The data:
----------
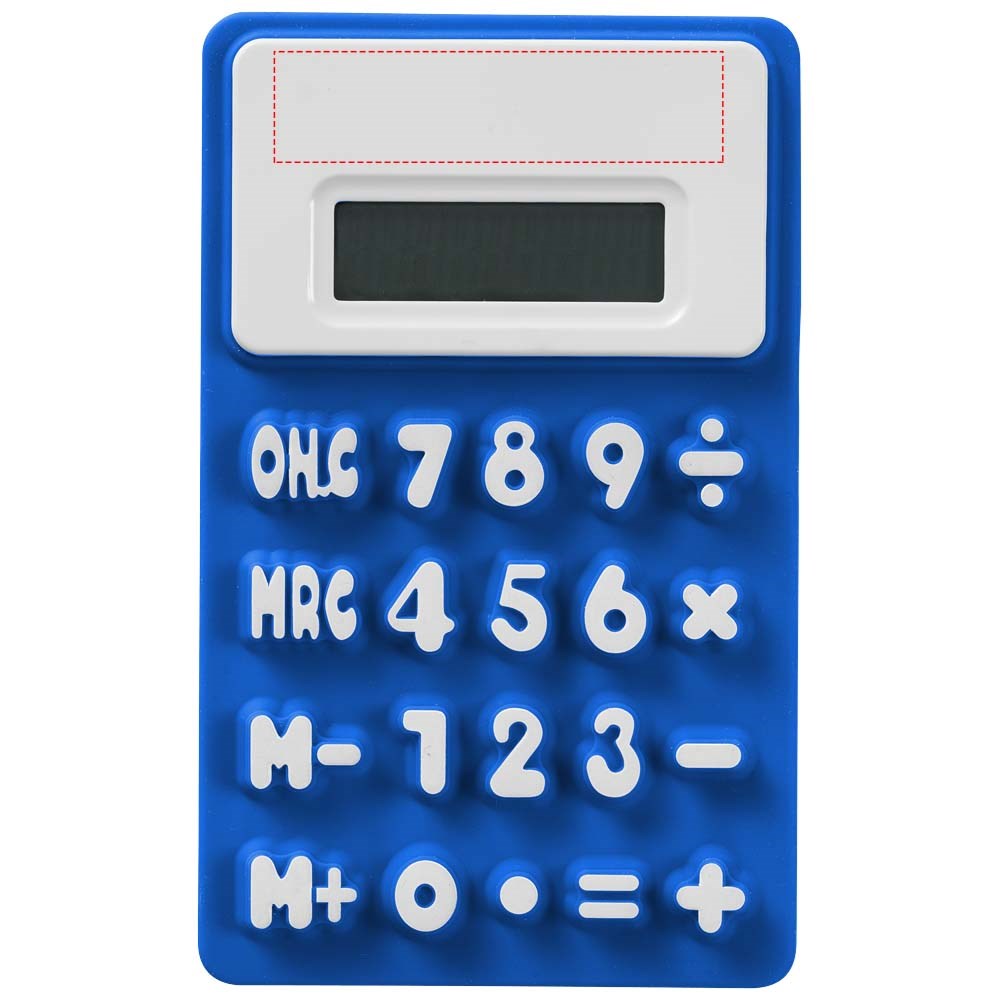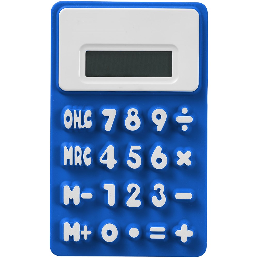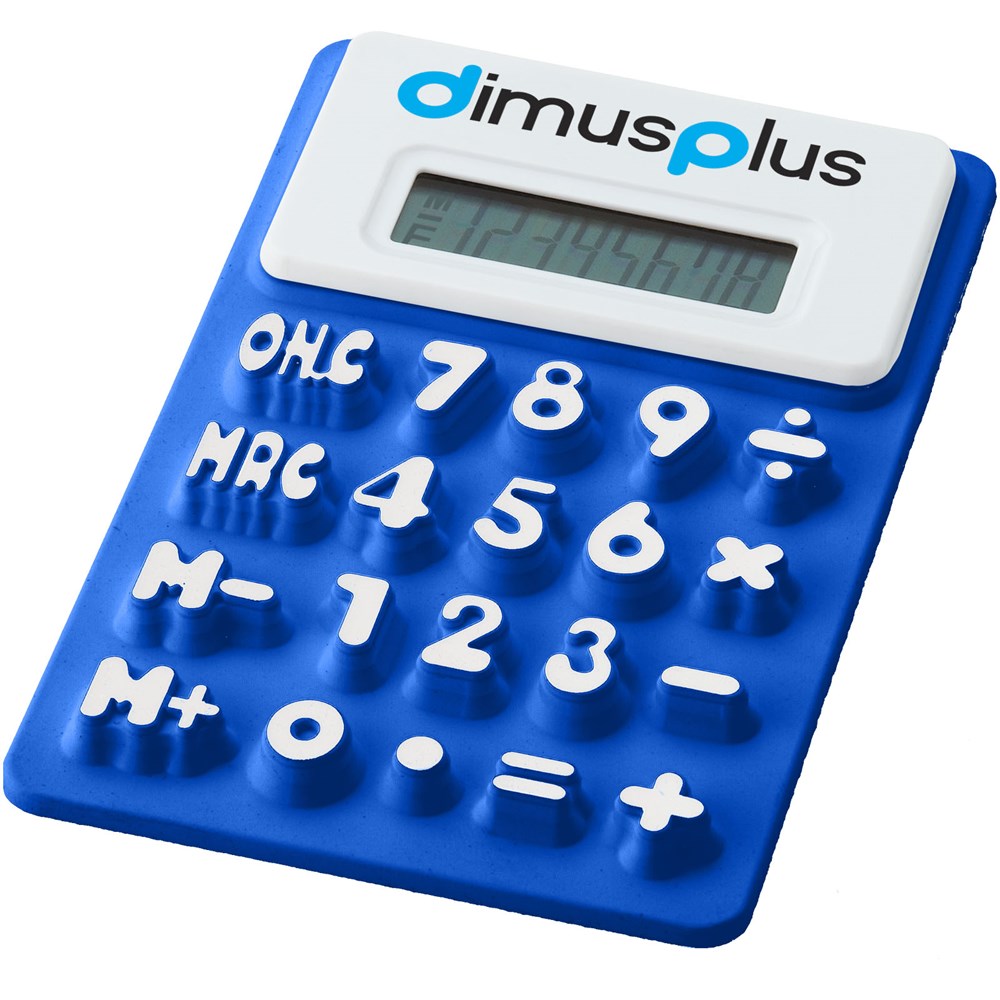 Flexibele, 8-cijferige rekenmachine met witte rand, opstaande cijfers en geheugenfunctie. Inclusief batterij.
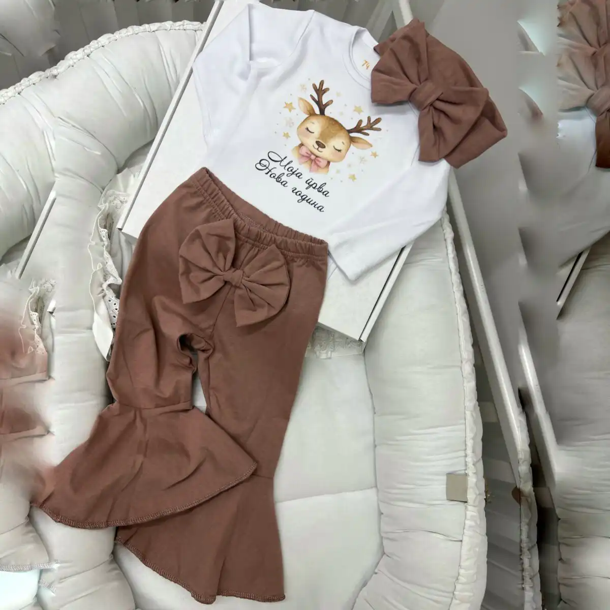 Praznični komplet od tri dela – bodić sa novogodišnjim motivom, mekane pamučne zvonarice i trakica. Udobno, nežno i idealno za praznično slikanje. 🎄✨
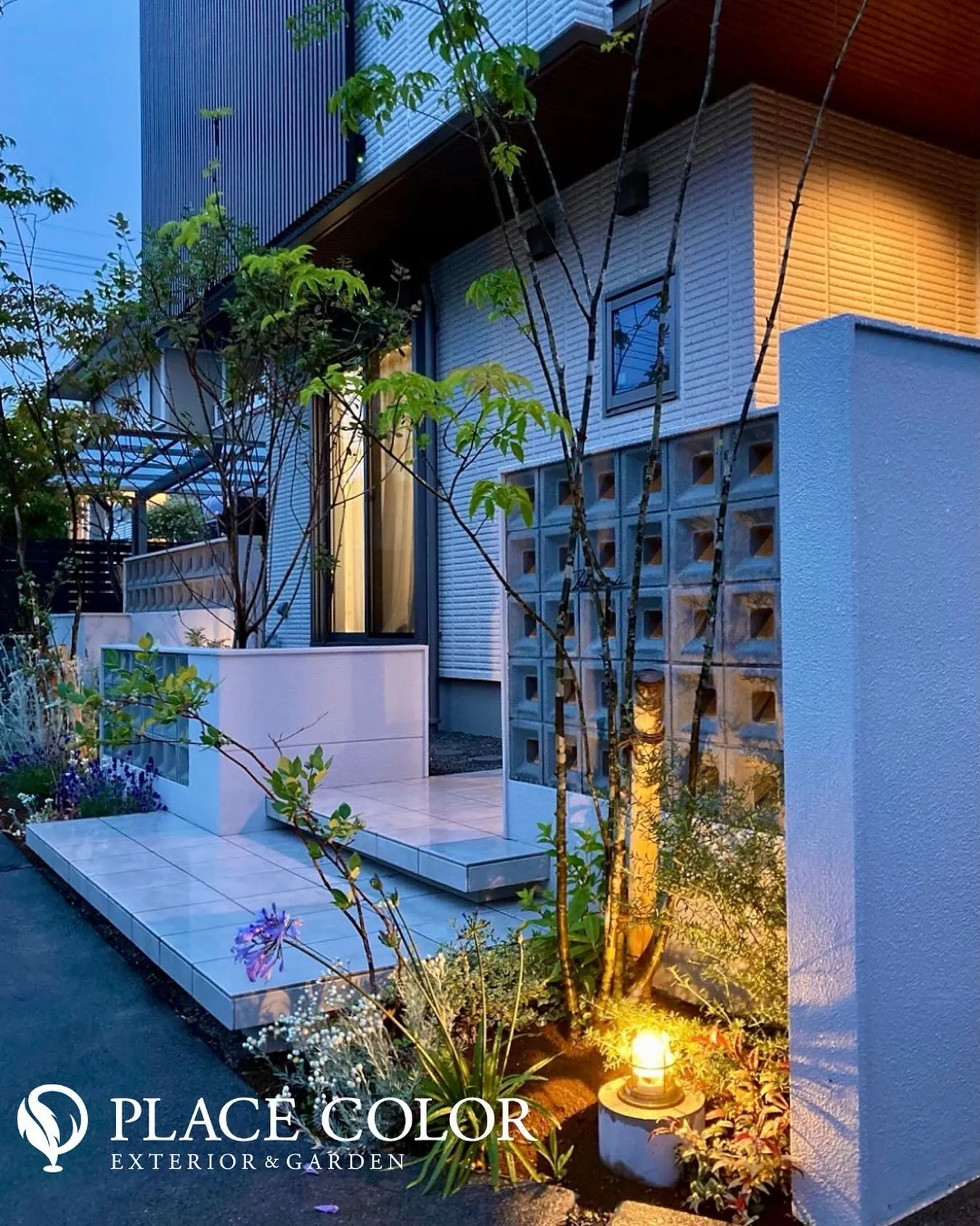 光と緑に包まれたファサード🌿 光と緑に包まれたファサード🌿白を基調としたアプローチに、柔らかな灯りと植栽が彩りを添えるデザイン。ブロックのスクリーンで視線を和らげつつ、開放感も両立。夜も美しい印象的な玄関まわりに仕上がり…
----------
Exercise: The lines from the one containing "Praznični komplet od" to the end of the material must be output exactly, both ends included; no picture may appear.

Answer to the exercise:
 Praznični komplet od tri dela – bodić sa novogodišnjim motivom, mekane pamučne zvonarice i trakica. Udobno, nežno i idealno za praznično slikanje. 🎄✨
 光と緑に包まれたファサード🌿 光と緑に包まれたファサード🌿白を基調としたアプローチに、柔らかな灯りと植栽が彩りを添えるデザイン。ブロックのスクリーンで視線を和らげつつ、開放感も両立。夜も美しい印象的な玄関まわりに仕上がり…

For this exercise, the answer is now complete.